## Task goal
From the first line to the last, restate the material word for word, omitting pictures.

## Data section
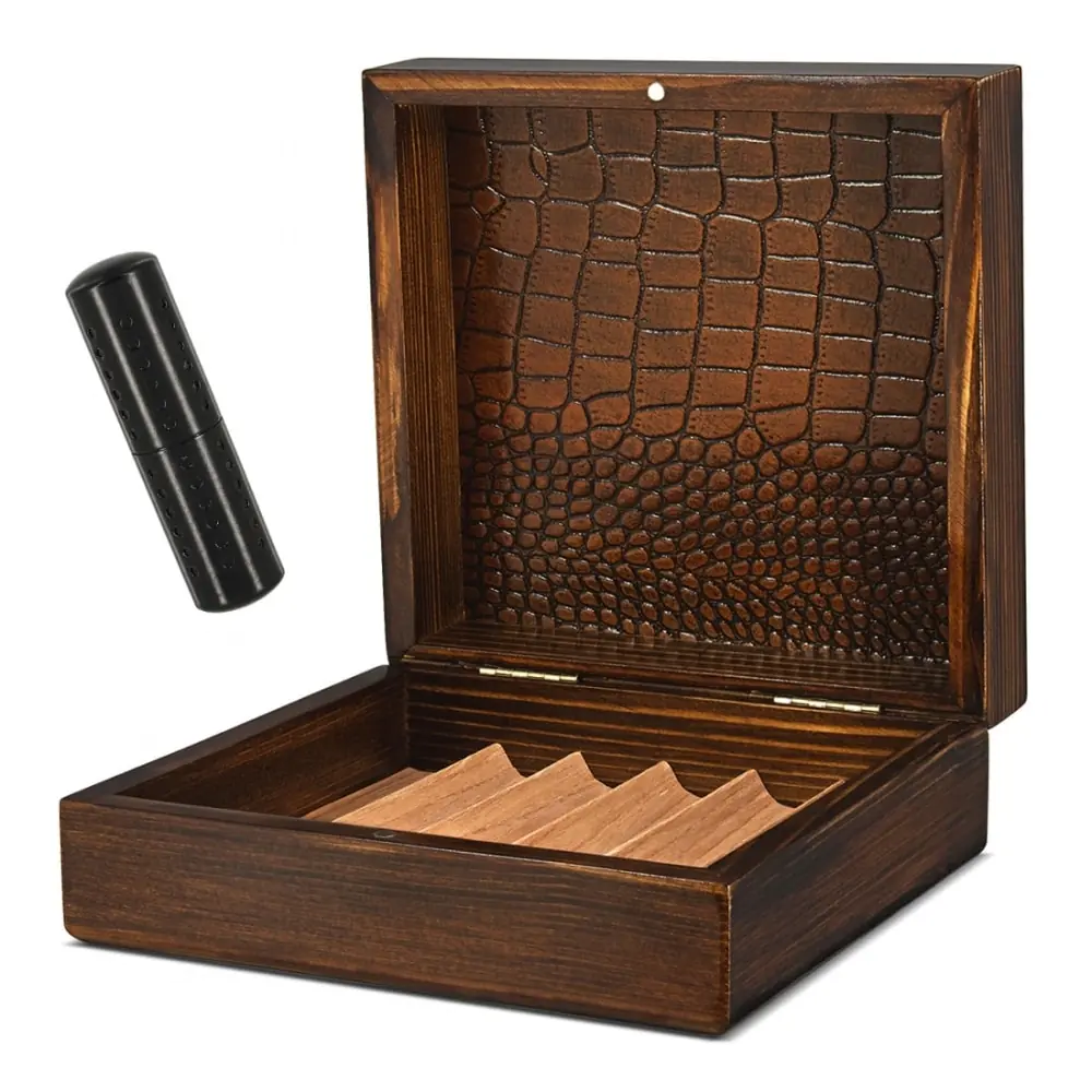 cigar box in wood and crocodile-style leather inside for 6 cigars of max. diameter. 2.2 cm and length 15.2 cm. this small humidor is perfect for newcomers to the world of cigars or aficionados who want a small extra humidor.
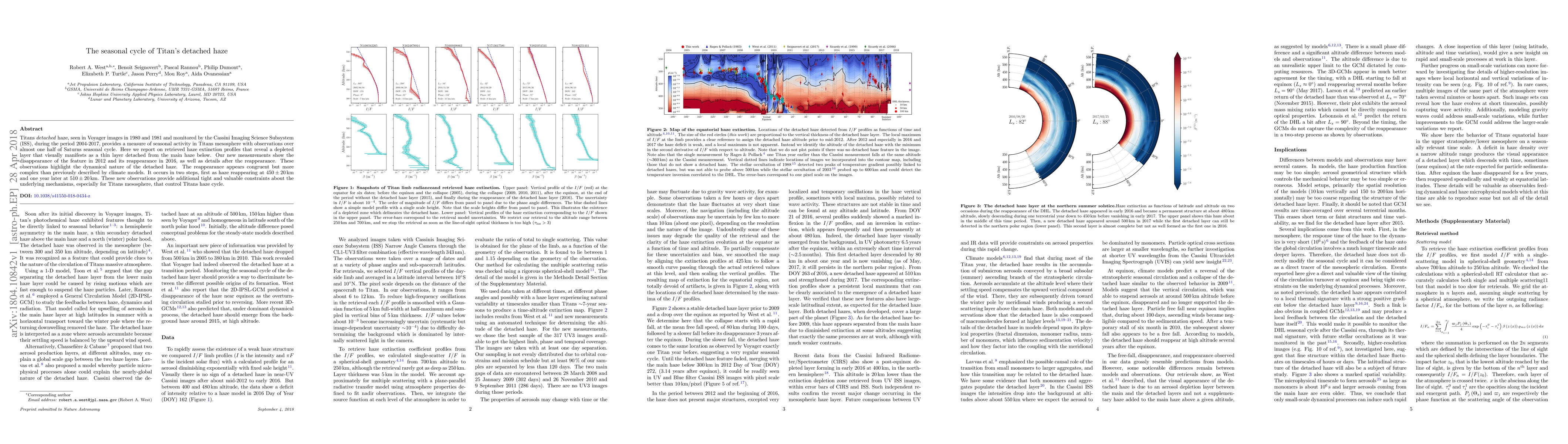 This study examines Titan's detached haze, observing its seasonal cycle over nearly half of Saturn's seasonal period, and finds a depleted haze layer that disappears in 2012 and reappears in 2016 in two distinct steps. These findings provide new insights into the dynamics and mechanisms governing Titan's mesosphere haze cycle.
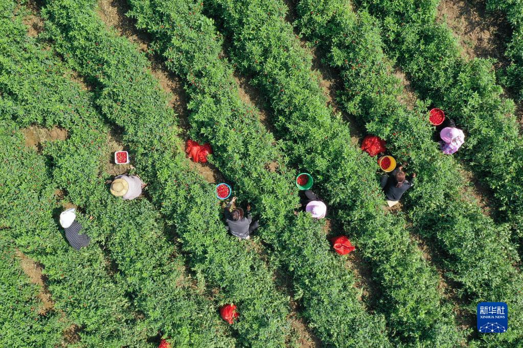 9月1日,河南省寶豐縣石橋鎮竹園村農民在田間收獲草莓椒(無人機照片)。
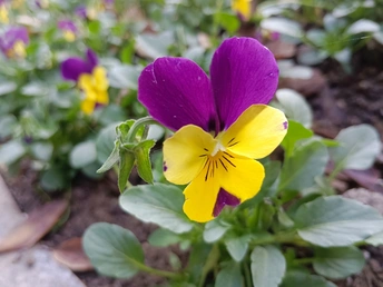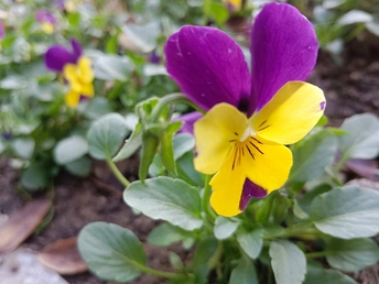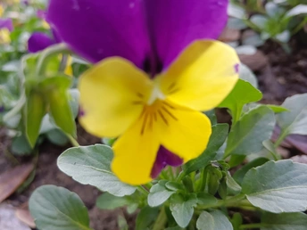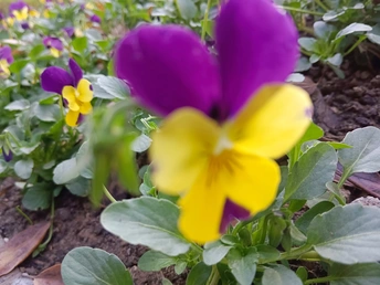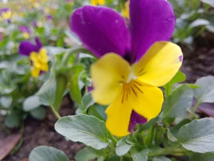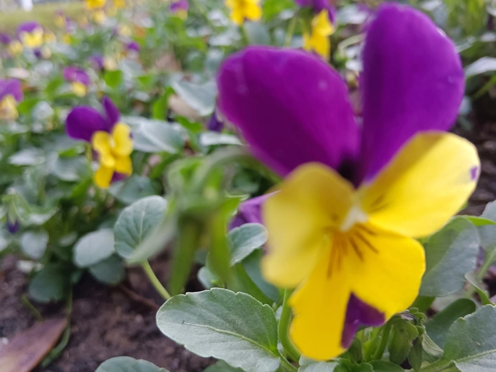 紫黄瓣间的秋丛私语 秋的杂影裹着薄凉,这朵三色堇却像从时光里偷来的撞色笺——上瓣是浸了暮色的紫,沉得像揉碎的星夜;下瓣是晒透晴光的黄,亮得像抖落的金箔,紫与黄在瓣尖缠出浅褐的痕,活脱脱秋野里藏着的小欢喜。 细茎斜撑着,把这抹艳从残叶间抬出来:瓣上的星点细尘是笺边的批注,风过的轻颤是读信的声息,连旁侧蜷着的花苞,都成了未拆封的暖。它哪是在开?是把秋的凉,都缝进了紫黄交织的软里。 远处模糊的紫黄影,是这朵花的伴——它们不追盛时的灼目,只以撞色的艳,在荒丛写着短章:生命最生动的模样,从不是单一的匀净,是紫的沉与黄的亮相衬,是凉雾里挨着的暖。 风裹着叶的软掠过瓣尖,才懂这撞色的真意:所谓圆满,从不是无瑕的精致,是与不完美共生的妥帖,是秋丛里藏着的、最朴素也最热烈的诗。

## Reply
 cigar box in wood and crocodile-style leather inside for 6 cigars of max. diameter. 2.2 cm and length 15.2 cm. this small humidor is perfect for newcomers to the world of cigars or aficionados who want a small extra humidor.
 This study examines Titan's detached haze, observing its seasonal cycle over nearly half of Saturn's seasonal period, and finds a depleted haze layer that disappears in 2012 and reappears in 2016 in two distinct steps. These findings provide new insights into the dynamics and mechanisms governing Titan's mesosphere haze cycle.
 9月1日,河南省寶豐縣石橋鎮竹園村農民在田間收獲草莓椒(無人機照片)。
 紫黄瓣间的秋丛私语 秋的杂影裹着薄凉,这朵三色堇却像从时光里偷来的撞色笺——上瓣是浸了暮色的紫,沉得像揉碎的星夜;下瓣是晒透晴光的黄,亮得像抖落的金箔,紫与黄在瓣尖缠出浅褐的痕,活脱脱秋野里藏着的小欢喜。 细茎斜撑着,把这抹艳从残叶间抬出来:瓣上的星点细尘是笺边的批注,风过的轻颤是读信的声息,连旁侧蜷着的花苞,都成了未拆封的暖。它哪是在开?是把秋的凉,都缝进了紫黄交织的软里。 远处模糊的紫黄影,是这朵花的伴——它们不追盛时的灼目,只以撞色的艳,在荒丛写着短章:生命最生动的模样,从不是单一的匀净,是紫的沉与黄的亮相衬,是凉雾里挨着的暖。 风裹着叶的软掠过瓣尖,才懂这撞色的真意:所谓圆满,从不是无瑕的精致,是与不完美共生的妥帖,是秋丛里藏着的、最朴素也最热烈的诗。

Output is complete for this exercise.